Introduction: Donepezil (DPL), a specific acetylcholinesterase inhibitor, is used as a first-line treatment to improve cognitive deficits in Alzheimer's disease (AD) and it might have a disease modifying effect. Astaxanthin (AST) is a natural potent antioxidant with neuroprotective, anti-amyloidogenic, anti-apoptotic, and anti-inflammatory effects. This study aimed to prepare nanostructured lipid carriers (NLCs) co-loaded with donepezil and astaxanthin (DPL/AST-NLCs) and evaluate their in vivo efficacy in an AD-like rat model 30 days after daily intranasal administration. Methods: DPL/AST-NLCs were prepared using a hot high-shear homogenization technique, in vitro examined for their physicochemical parameters and in vivo evaluated. AD induction in rats was performed by aluminum chloride. The cortex and hippocampus were isolated from the brain of rats for biochemical testing and histopathological examination. Results: DPL/AST-NLCs showed z-average diameter 149.9 ± 3.21 nm, polydispersity index 0.224 ± 0.017, zeta potential -33.7 ± 4.71 mV, entrapment efficiency 81.25 ±1.98% (donepezil) and 93.85 ±1.75% (astaxanthin), in vitro sustained release of both donepezil and astaxanthin for 24 h, spherical morphology by transmission electron microscopy, and they were stable at 4-8 ± 2°C for six months. Differential scanning calorimetry revealed that donepezil and astaxanthin were molecularly dispersed in the NLC matrix in an amorphous state.
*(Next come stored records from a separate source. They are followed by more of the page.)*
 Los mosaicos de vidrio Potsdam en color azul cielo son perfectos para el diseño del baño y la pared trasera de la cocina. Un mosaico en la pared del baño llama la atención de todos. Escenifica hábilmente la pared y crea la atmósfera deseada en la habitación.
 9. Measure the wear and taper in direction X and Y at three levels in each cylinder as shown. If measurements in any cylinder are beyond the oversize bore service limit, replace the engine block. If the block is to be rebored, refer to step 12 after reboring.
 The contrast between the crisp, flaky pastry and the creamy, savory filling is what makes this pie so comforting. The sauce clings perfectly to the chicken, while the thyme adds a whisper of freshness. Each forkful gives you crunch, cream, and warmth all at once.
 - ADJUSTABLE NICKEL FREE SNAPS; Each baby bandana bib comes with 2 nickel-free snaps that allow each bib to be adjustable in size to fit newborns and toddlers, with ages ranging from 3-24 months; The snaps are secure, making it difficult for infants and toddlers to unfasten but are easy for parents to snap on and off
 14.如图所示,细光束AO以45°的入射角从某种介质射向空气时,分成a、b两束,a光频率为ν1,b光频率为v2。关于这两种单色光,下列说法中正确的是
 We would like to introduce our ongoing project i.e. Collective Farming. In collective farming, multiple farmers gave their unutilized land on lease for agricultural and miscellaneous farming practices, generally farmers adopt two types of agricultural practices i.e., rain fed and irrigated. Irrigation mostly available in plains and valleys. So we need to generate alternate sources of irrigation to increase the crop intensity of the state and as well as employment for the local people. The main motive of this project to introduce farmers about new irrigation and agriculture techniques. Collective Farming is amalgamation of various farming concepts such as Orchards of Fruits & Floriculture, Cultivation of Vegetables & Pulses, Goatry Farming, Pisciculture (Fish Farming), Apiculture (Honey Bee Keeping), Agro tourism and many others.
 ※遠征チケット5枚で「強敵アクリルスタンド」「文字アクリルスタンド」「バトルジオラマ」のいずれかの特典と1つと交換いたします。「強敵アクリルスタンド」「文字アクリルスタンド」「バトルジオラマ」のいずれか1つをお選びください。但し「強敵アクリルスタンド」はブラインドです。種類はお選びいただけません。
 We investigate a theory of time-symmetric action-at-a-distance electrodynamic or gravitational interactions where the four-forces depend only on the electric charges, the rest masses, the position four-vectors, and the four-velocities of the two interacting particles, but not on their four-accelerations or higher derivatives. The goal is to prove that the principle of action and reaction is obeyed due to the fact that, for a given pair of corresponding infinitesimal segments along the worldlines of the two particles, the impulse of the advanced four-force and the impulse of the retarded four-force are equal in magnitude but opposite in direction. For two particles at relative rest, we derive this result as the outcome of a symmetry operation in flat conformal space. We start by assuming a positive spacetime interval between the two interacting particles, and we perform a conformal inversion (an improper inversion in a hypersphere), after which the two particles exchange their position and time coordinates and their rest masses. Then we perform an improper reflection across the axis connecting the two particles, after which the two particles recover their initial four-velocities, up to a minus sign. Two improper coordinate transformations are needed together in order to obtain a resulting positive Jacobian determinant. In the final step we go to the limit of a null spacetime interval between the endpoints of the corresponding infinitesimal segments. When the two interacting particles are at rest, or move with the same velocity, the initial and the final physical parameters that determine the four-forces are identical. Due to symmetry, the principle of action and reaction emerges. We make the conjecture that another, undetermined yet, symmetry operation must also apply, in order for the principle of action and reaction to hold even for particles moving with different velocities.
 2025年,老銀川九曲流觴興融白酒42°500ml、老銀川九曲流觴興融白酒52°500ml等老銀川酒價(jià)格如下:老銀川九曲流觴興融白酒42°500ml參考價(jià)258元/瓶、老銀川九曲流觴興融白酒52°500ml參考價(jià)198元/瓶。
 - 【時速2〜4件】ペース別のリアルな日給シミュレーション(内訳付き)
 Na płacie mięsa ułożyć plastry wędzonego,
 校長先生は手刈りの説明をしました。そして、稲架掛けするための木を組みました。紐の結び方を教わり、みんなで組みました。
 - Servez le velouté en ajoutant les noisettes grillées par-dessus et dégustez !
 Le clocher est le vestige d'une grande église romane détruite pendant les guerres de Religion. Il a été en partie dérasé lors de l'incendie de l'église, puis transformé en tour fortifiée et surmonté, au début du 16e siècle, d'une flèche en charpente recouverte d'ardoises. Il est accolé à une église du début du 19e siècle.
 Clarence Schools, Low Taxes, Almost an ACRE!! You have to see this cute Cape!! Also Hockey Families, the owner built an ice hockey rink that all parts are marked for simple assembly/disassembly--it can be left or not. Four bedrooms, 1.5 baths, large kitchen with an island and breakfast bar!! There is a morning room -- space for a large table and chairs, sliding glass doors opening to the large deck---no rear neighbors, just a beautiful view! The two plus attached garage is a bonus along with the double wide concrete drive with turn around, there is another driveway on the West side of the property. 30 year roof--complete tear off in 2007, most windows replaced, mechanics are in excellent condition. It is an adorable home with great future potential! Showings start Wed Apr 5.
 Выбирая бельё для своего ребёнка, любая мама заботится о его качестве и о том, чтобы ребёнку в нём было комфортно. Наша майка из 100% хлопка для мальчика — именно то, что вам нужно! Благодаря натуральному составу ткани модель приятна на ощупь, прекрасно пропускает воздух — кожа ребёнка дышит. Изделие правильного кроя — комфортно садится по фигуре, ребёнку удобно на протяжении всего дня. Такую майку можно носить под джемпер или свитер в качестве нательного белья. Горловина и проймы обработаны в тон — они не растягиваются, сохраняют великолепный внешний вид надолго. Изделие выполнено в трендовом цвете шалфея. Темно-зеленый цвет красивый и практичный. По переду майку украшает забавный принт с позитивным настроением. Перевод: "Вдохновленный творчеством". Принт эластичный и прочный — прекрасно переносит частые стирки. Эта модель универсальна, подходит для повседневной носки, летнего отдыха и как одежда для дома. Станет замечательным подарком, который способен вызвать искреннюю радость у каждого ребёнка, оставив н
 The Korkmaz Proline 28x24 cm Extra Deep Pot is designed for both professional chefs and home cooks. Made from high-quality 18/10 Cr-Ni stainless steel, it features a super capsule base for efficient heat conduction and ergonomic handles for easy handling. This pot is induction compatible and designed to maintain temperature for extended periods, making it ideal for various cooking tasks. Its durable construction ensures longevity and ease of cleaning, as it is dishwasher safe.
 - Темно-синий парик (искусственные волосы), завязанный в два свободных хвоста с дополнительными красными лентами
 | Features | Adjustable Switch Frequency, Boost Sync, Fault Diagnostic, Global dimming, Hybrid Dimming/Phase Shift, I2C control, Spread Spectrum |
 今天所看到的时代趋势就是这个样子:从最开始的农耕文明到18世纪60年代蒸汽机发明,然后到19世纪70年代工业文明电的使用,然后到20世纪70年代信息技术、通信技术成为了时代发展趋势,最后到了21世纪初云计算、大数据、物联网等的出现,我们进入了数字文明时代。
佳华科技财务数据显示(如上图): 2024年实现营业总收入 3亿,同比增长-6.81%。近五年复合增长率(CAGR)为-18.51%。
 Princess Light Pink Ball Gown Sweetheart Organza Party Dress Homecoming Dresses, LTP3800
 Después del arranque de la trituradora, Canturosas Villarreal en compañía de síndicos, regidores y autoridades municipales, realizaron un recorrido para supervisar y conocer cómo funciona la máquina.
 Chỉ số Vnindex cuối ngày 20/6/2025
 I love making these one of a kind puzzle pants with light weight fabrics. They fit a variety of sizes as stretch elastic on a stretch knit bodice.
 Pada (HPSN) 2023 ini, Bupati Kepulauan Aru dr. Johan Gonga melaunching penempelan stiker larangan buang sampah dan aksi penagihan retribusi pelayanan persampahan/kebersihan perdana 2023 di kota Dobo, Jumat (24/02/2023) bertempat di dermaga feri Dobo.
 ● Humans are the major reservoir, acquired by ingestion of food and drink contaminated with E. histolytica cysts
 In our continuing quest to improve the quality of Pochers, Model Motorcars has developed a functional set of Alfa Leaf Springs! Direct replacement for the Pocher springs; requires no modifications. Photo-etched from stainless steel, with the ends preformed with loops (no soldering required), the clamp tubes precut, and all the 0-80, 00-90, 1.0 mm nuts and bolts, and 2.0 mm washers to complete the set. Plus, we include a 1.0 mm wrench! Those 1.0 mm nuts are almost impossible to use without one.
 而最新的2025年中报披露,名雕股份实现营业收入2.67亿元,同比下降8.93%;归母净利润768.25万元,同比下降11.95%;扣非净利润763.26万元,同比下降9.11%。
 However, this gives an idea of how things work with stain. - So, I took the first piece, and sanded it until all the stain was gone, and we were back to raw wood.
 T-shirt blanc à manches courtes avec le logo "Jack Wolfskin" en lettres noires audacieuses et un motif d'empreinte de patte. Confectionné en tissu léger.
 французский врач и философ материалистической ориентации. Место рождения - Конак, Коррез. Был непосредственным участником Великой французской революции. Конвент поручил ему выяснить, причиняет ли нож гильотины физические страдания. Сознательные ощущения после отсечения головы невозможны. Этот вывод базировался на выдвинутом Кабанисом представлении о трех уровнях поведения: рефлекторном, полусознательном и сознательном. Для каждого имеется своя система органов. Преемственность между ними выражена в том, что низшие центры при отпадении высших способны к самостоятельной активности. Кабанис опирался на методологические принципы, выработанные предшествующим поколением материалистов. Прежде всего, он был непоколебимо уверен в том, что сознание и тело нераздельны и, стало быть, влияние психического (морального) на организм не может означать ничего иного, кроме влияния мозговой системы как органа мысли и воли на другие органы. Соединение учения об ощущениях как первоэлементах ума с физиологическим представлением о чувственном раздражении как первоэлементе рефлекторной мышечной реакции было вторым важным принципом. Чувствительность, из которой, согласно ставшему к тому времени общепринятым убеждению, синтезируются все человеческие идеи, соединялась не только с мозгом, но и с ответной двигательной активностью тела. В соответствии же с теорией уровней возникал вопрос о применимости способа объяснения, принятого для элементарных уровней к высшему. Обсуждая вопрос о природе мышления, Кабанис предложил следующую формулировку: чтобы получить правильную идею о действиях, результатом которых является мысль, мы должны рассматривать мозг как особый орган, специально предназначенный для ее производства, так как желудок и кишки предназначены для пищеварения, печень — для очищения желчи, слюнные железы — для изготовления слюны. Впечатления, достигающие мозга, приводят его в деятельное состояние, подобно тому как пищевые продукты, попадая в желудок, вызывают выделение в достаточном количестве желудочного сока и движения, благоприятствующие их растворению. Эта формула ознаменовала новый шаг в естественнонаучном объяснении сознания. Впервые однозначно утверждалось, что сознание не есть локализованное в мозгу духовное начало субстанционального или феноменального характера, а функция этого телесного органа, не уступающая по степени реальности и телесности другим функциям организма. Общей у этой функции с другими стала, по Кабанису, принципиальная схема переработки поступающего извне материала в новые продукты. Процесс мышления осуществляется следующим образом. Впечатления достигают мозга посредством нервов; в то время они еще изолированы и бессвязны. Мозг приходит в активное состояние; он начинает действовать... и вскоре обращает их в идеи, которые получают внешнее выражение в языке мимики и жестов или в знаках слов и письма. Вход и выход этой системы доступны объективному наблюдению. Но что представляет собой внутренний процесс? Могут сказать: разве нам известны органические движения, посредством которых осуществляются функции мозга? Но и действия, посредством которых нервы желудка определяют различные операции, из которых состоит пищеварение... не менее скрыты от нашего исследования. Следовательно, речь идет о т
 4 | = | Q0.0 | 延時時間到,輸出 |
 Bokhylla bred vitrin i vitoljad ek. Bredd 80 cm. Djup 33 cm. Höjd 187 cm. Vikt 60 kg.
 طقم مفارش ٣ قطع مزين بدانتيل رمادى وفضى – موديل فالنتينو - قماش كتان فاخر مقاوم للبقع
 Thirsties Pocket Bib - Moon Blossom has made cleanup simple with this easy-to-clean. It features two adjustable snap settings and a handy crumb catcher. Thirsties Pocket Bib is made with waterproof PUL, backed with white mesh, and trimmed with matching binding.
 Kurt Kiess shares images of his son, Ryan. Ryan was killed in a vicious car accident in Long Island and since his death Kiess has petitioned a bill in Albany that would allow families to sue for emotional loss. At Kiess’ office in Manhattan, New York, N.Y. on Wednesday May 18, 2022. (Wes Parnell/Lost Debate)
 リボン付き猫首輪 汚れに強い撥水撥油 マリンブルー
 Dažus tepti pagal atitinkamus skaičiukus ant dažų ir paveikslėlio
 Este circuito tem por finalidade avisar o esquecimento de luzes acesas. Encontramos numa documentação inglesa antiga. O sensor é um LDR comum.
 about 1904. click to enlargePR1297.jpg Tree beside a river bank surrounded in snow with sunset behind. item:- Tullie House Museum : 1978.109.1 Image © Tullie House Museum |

The DPL/AST-NLC-treated rats showed significantly lower levels of nuclear factor-kappa B, malondialdehyde, ß-site amyloid precursor protein cleaving enzyme-1, caspase-3, amyloid beta (Aß1­42), and acetylcholinesterase, and significantly higher levels of glutathione and acetylcholine in the cortex and hippocampus than the AD-like untreated rats and that treated with donepezil-NLCs. DPL/AST-NLCs showed significantly higher anti-amyloidogenic, antioxidant, anti-acetylcholinesterase, anti-inflammatory, and anti-apoptotic effects, resulting in significant improvement in the cortical and hippocampal histopathology. Conclusion: Nose-to-brain delivery of DPL/AST-NLCs is a promising strategy for the management of AD.

Nose to Brain Delivery of Astaxanthin-Loaded Nanostructured Lipid Carriers in Rat Model of Alzheimer's Disease: Preparation, in vitro and in vivo Evaluation.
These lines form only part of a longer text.